Full-length and N-terminally truncated recombinant interleukin-38 variants are similarly inefficient in antagonizing interleukin-36 and interleukin-1 receptors
SUMMARY
Interleukin (IL)-38 is an IL-1 family cytokine that was proposed to exert anti-inflammatory effects. However, its mechanisms of action are not well understood and the identity of the IL-38 receptor(s) remains debated. Proposed candidates include the IL-1 receptor (IL-1R1), the IL-36 receptor (IL-36R) and the orphan receptor IL-1RAPL1. Yet, in literature, IL-38 is often presented as an IL-36R antagonist.
The N-terminus of the IL-38 protein produced in a human keratinocyte cell line and of endogenous epidermal IL-38 isolated from healthy human skin was characterized by mass spectrometry. The effects of various recombinant forms of IL-38 on IL-36R- and IL-1R1-mediated responses were assessed in IL-36R HEK Blue reporter cells and in a normal human keratinocyte cell line. IL-8 and IL-6 production was quantified by ELISA. Binding of recombinant IL-38 proteins to the IL-36R was assessed by surface plasmon resonance.
Analysis of its native N-terminus revealed that the IL-38 protein produced by human keratinocytes starts at cysteine 2. In cell-based assays, neither full-length amino acid 2-152 IL-38 nor two N-terminally truncated forms of the protein showed efficient antagonist activity on IL-36R- and IL-1R1-mediated responses. The recombinant IL-38 proteins bound to the IL-36R with only moderate affinity, which may provide a mechanistic explanation for inefficient IL-36R antagonism.
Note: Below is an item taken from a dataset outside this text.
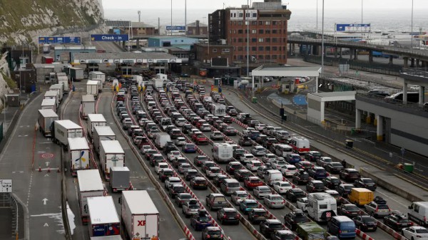 Hàng dài phương tiện tại cảng Dover ở Anh vào tháng 7. Ảnh: CNN

These results argue against meaningful inhibitory effects of any of the recombinant IL-38 variants tested on IL-36R or IL-1R1-mediated responses. The mechanisms underlying reported anti-inflammatory effects of IL-38 are thus still unclear, but seem unlikely to be mediated by classical IL-36R or IL-1R1 antagonism.
Full article: https://doi.org/10.1186/s12964-025-02035-z
Why is it Important?
After the discovery of interleukin (IL)-38 in 2001, early studies suggested that it might act as an anti-inflammatory IL-1 or IL-36 receptor antagonist. However, over two decades of in vitro and in vivo studies revealed that its biology is far more intricate. The effects of IL-38 can be both anti- and pro-inflammatory, and its broad anti-inflammatory activity distinguishes it from the natural IL-1 and IL-36 receptor antagonists, which target only their specific receptors. Nevertheless, the prevailing assumption remains that IL-38 is simply another IL-36 receptor antagonist.
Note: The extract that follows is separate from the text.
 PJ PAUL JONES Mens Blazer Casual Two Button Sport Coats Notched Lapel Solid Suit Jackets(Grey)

This study challenges this misconception by taking a systematic approach to investigate the effects of IL-38 on specific, molecularly defined responses, in well-controlled experimental systems. These findings will hopefully encourage further in-depth investigations into the role of IL-38 and its mechanisms of action, which could open new therapeutic avenues for chronic inflammatory diseases such as psoriasis.